Return every entry below word for word and leave out any picture.
---------- Records for processing ----------
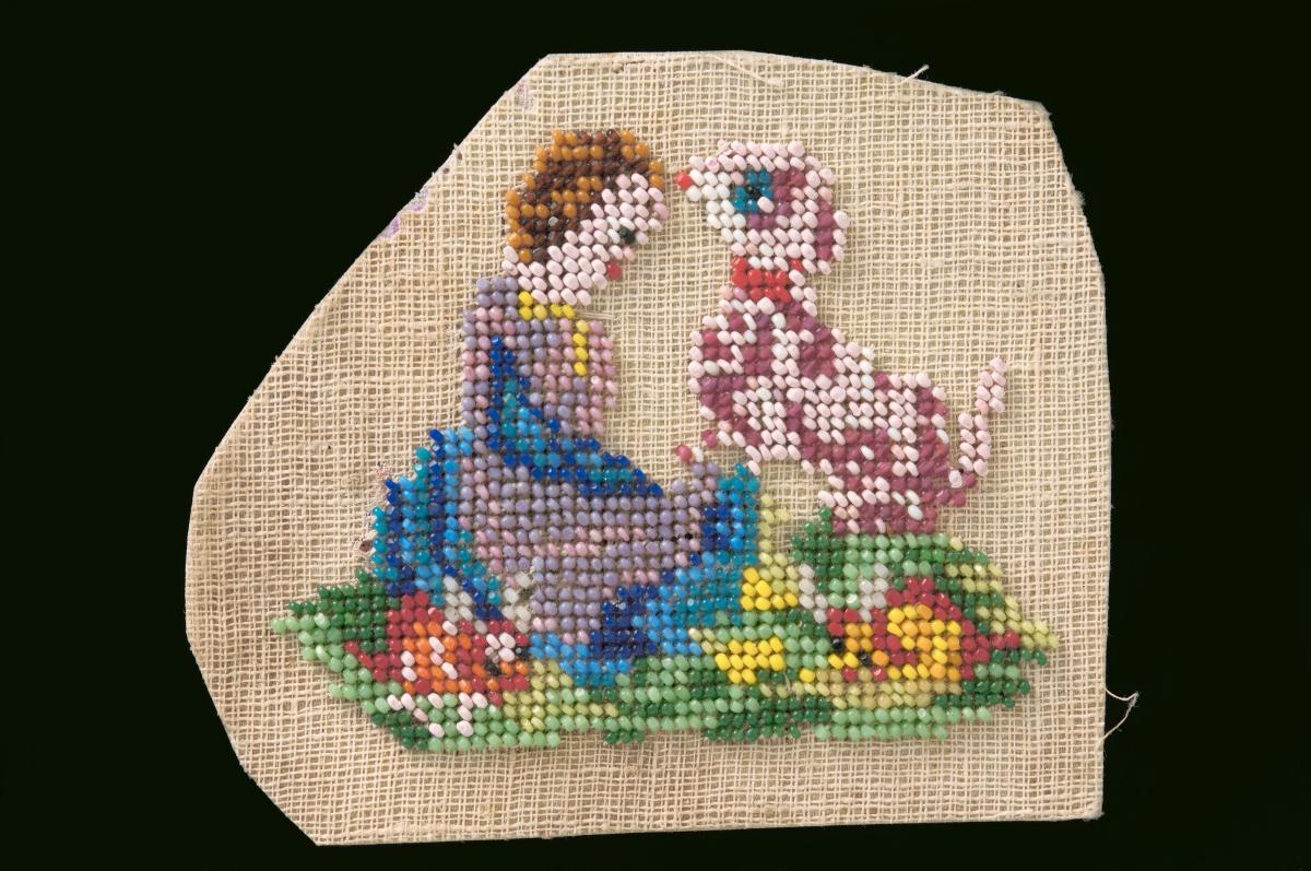 This painting is the artist’s impression of an old photograph of Madam Neo Kim Neo, a Singapore Peranakan well known for her beadwork skills. She is doing beadwork in the traditional way, on the floor with a wooden frame clipped onto a wooden frame holder. The artist, who is a Peranakan, has been using old photographs in her recent work. She admits the subject matter is an important link to her Peranakan heritage. A notable feature of her paintings is the limited use of colour, the neutral tones which Oon describes as the ‘unofficial colour of memory’. By translating the images in photographs into paintings using broad brushstrokes, Oon feels she is able to create fresh layers of meaning and nuance in her works.
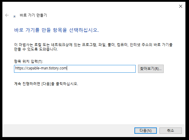 2. '항목 위치 입력' 란에 생성하고 싶은 인터넷 주소 URL을 입력한뒤 '다음' 버튼을 클릭해주세요.
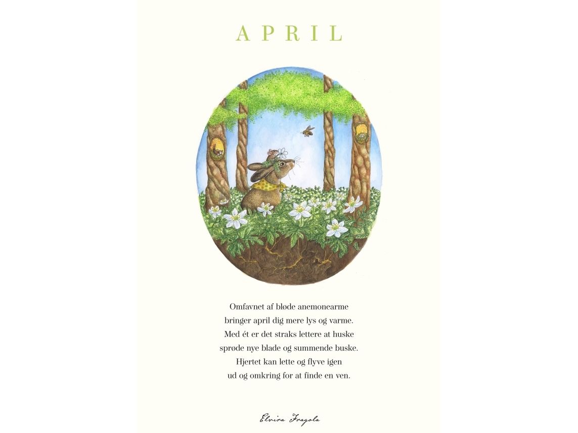 Månedsplakat for April.Med illustration og et lille digt, der passer til måneden.Illustration og digt er fra Elvira Fragolas bog "Året set gennem små øjne."
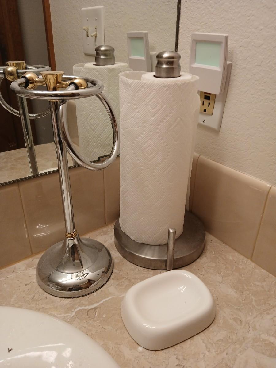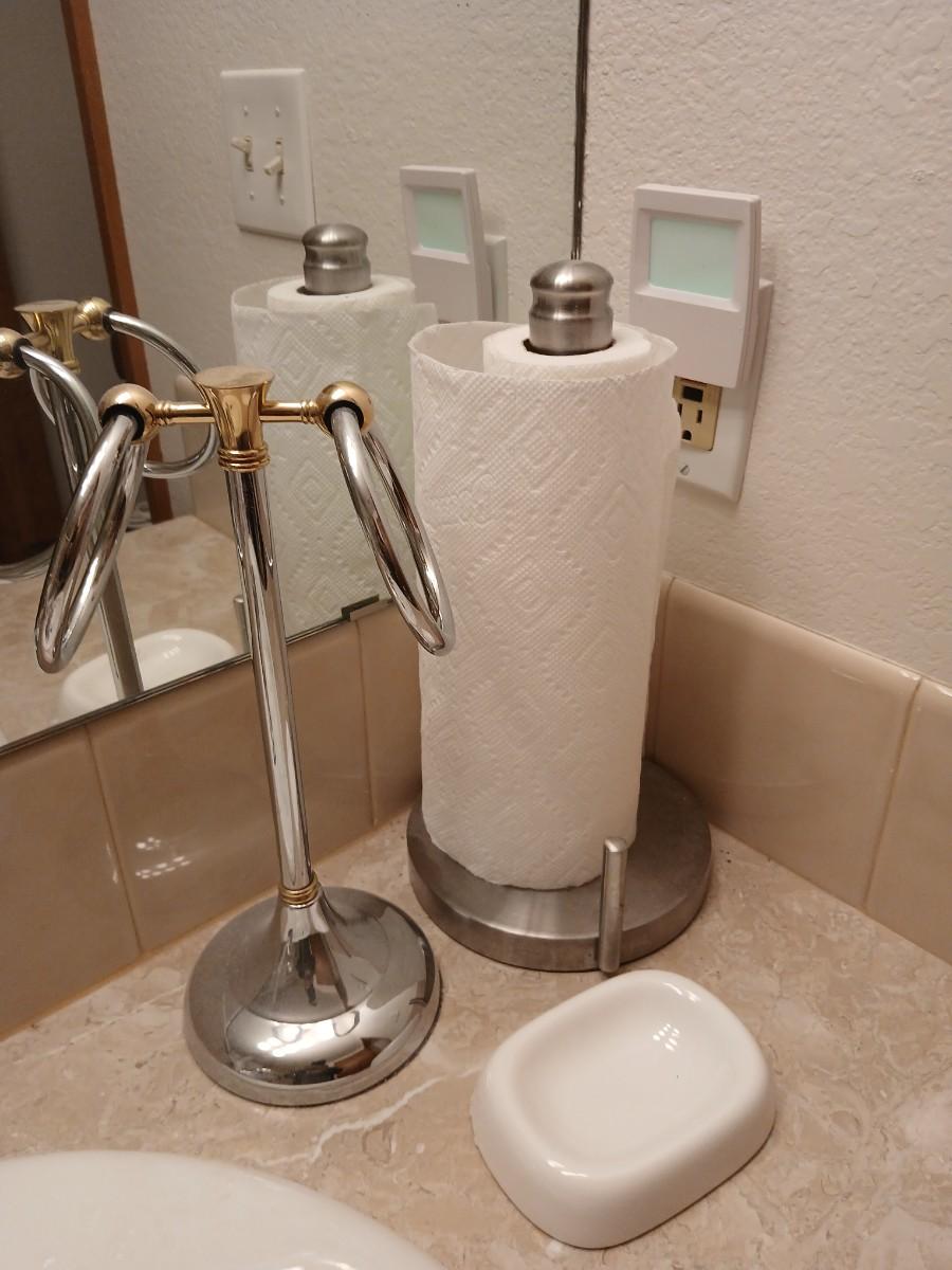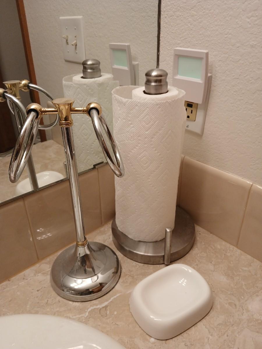 Stainless steel paper towel holder, hand towel holder and a soap dish and nightlight
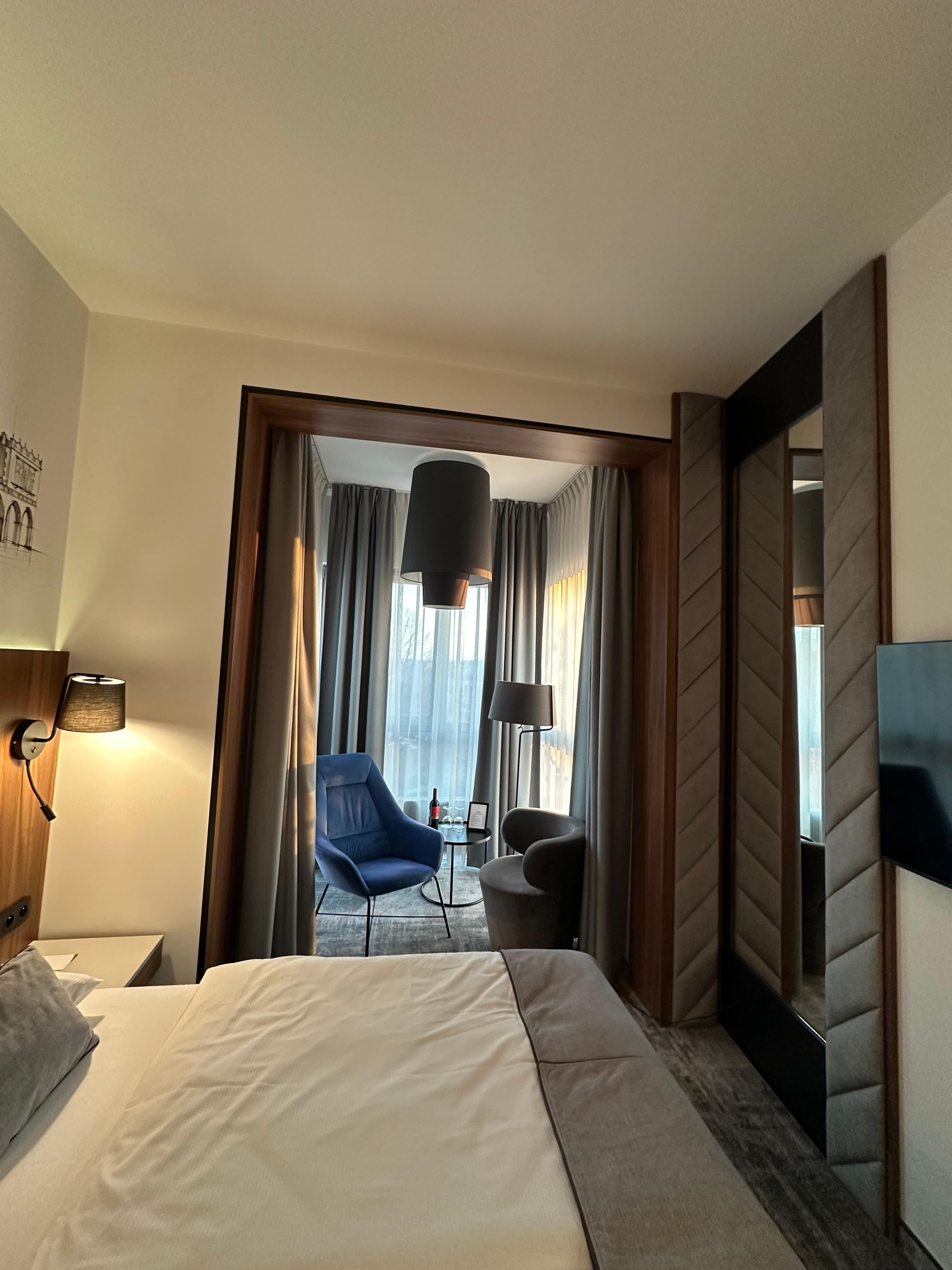 Ottimo soggiorno e camera premium spaziosa. Nonostante fosse di fronte alla stazione del treno non si sentiva nulla. Peccato per il set di cortesia mancante, niente accappatoio e niente pantofole. Colazione buona e staff cordiale
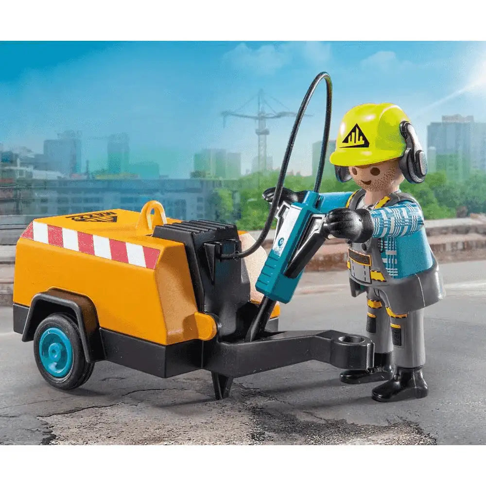 ¿Qué incluye? ¡Es hora de hacer el trabajo con el obrero de la construcción de PLAYMOBIL! El potente cincel se conecta al compresor con una realista manguera de silicona, mientras que el enganche de remolque facilita su transporte a la siguiente obra. El trabajador, equipado con guantes y casco desmontable, está listo para afrontar cualquier tarea. Añade la señal de obra para marcar el área de trabajo y mantener todo seguro.
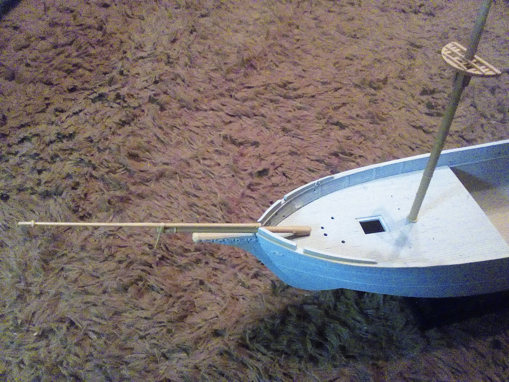 Также занялся исправлением известной ошибки с рулем, который надо перевернуть - отрезал и поменял местами ему штыри. Планирую также для руля сделать нормальные петли. Пока начал изготавливать румпель
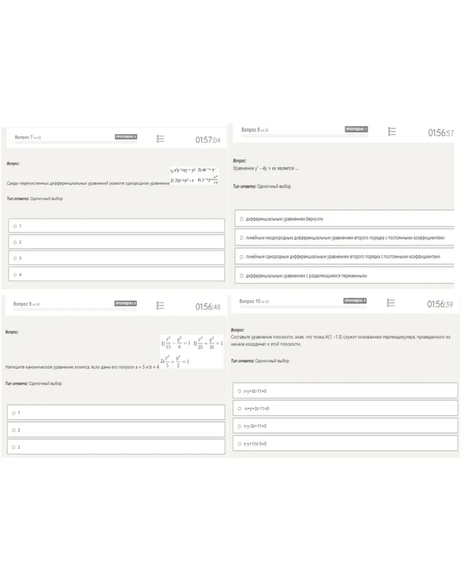 7.Среди перечисленных дифференциальных уравнений укажите однородное уравнение: формула на картинке
----------
**Result of this task**
 This painting is the artist’s impression of an old photograph of Madam Neo Kim Neo, a Singapore Peranakan well known for her beadwork skills. She is doing beadwork in the traditional way, on the floor with a wooden frame clipped onto a wooden frame holder. The artist, who is a Peranakan, has been using old photographs in her recent work. She admits the subject matter is an important link to her Peranakan heritage. A notable feature of her paintings is the limited use of colour, the neutral tones which Oon describes as the ‘unofficial colour of memory’. By translating the images in photographs into paintings using broad brushstrokes, Oon feels she is able to create fresh layers of meaning and nuance in her works.
 2. '항목 위치 입력' 란에 생성하고 싶은 인터넷 주소 URL을 입력한뒤 '다음' 버튼을 클릭해주세요.
 Månedsplakat for April.Med illustration og et lille digt, der passer til måneden.Illustration og digt er fra Elvira Fragolas bog "Året set gennem små øjne."
 Stainless steel paper towel holder, hand towel holder and a soap dish and nightlight
 Ottimo soggiorno e camera premium spaziosa. Nonostante fosse di fronte alla stazione del treno non si sentiva nulla. Peccato per il set di cortesia mancante, niente accappatoio e niente pantofole. Colazione buona e staff cordiale
 ¿Qué incluye? ¡Es hora de hacer el trabajo con el obrero de la construcción de PLAYMOBIL! El potente cincel se conecta al compresor con una realista manguera de silicona, mientras que el enganche de remolque facilita su transporte a la siguiente obra. El trabajador, equipado con guantes y casco desmontable, está listo para afrontar cualquier tarea. Añade la señal de obra para marcar el área de trabajo y mantener todo seguro.
 Также занялся исправлением известной ошибки с рулем, который надо перевернуть - отрезал и поменял местами ему штыри. Планирую также для руля сделать нормальные петли. Пока начал изготавливать румпель
 7.Среди перечисленных дифференциальных уравнений укажите однородное уравнение: формула на картинке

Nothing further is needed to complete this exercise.